META-pipe cloud setup and execution

F1000Res. 2017 Nov 29:6:ELIXIR-2060. doi: 10.12688/f1000research.13204.3. eCollection 2017.

Abstract

META-pipe is a complete service for the analysis of marine metagenomic data. It provides assembly of high-throughput sequence data, functional annotation of predicted genes, and taxonomic profiling. The functional annotation is computationally demanding and is therefore currently run on a high-performance computing cluster in Norway. However, additional compute resources are necessary to open the service to all ELIXIR users. We describe our approach for setting up and executing the functional analysis of META-pipe on additional academic and commercial clouds. Our goal is to provide a powerful analysis service that is easy to use and to maintain. Our design therefore uses a distributed architecture where we combine central servers with multiple distributed backends that execute the computationally intensive jobs. We believe our experiences developing and operating META-pipe provides a useful model for others that plan to provide a portal based data analysis service in ELIXIR and other organizations with geographically distributed compute and storage resources.

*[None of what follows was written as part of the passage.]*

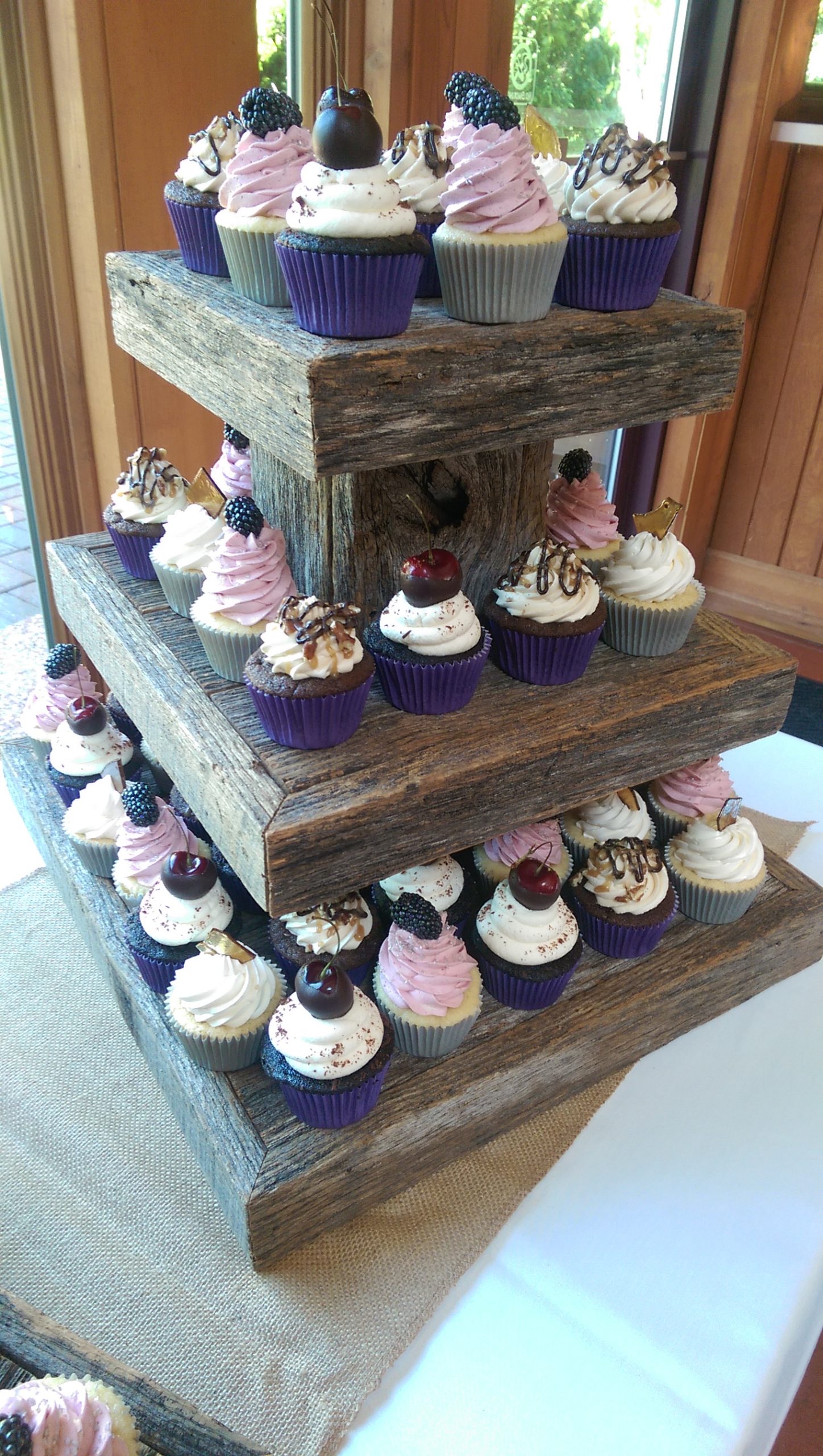 In my Pinterest perusing I saw a beautiful barn wood cupcake tower a couple had made for their wedding. I immediately fell in love and needed to make something similar. A short while after I fell in love with the tower, Jessica asked me to make the cupcakes for her reception. She showed me the invitation when I asked what theme or colors she was going with. The invite was beautiful with a silver wood grain background. I figured this was a perfect time to see if she would like the barn wood tower as much as I did. She did.

Keywords: AAI federation; Amazon Web Services; Apache Spark; EGI Federated Cloud; ELIXIR; META-pipe; OpenStack; Portability.

Grants and funding

This work was funded by ELIXIR, The Research Council of Norway (project number 270675), EGI-Engage, and UiT The Arctic University of Norway. ELIXIR received funding from the European Union’s Horizon 2020 research and innovation program (ELIXIR- EXCELERATE, grant agreement no 676559). The EGI-Engage project is co-funded by the European Union (EU) Horizon 2020 program under Grant number 654142.